Highest point
- Elevation: 9,186 ft (2,800 m) NAVD 88
- Prominence: 3,130 ft (950 m)
- Coordinates: 34°26′05″N 107°05′06″W﻿ / ﻿34.434813733°N 107.085098083°W

Geography
- Location: Socorro County, New Mexico, U.S.
- Parent range: Sierra Ladrones

Climbing
- Easiest route: off-trail hike/scramble from west side

= Ladron Peak =

Mountain in New Mexico, United States

Ladrón Peak is an isolated, highly visible peak in central New Mexico, lying about 50 mi (80 km) southwest of Albuquerque. Ladron Peak is the only major peak in the compact range (really one large massif) known as the Sierra Ladrones, which lies between the Rio Puerco to the east and the Rio Salado to the southwest.

Despite its conical shape and its proximity to lava flows and small volcanoes, it is not itself a volcano, but an igneous intrusion. The core of the mountain is Precambrian granite. The peak rises dramatically from its surroundings on all sides; the summit is almost 4,500 ft above the Rio Grande Valley, 10 mi to the east.
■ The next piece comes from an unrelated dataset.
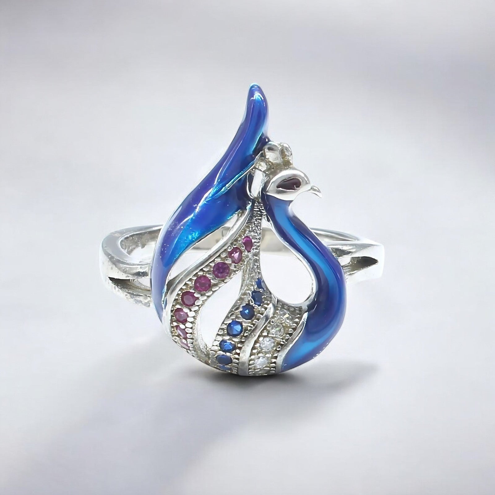 This handmade ring, crafted from genuine 925 sterling silver, showcases a stunning peacock-inspired design adorned with multiple sparkling cubic zirconia stones. Expertly crafted to highlight intricate details, it offers both durability and refined elegance. Ideal for women who value artisanal quality and distinctive style, this ring adds a graceful and eye-catching touch to any collection.

The name of the peak means "thief", and "Sierra Ladrones" means "thieves' mountains." Navajo and Apache raiding parties, and later Hispanic and Anglo rustlers, used the mountains as hideouts, hence the name. Evidence of human occupation goes back over 10,000 years, and more recent prehistoric use occurred by the Mogollon and Ancestral Puebloan cultures. Today, part of the range is included in the Sevilleta National Wildlife Refuge, administered by the US Fish and Wildlife Service. The rest of the range is a mix of BLM and private land.

Ecologically, Ladrón Peak is a sky island, supporting vegetation and wildlife not found in the surrounding grasslands. It is high enough to have coniferous forests on its upper slopes. Animal species include mountain lion, bear, pronghorn, elk, deer and reintroduced desert bighorn sheep.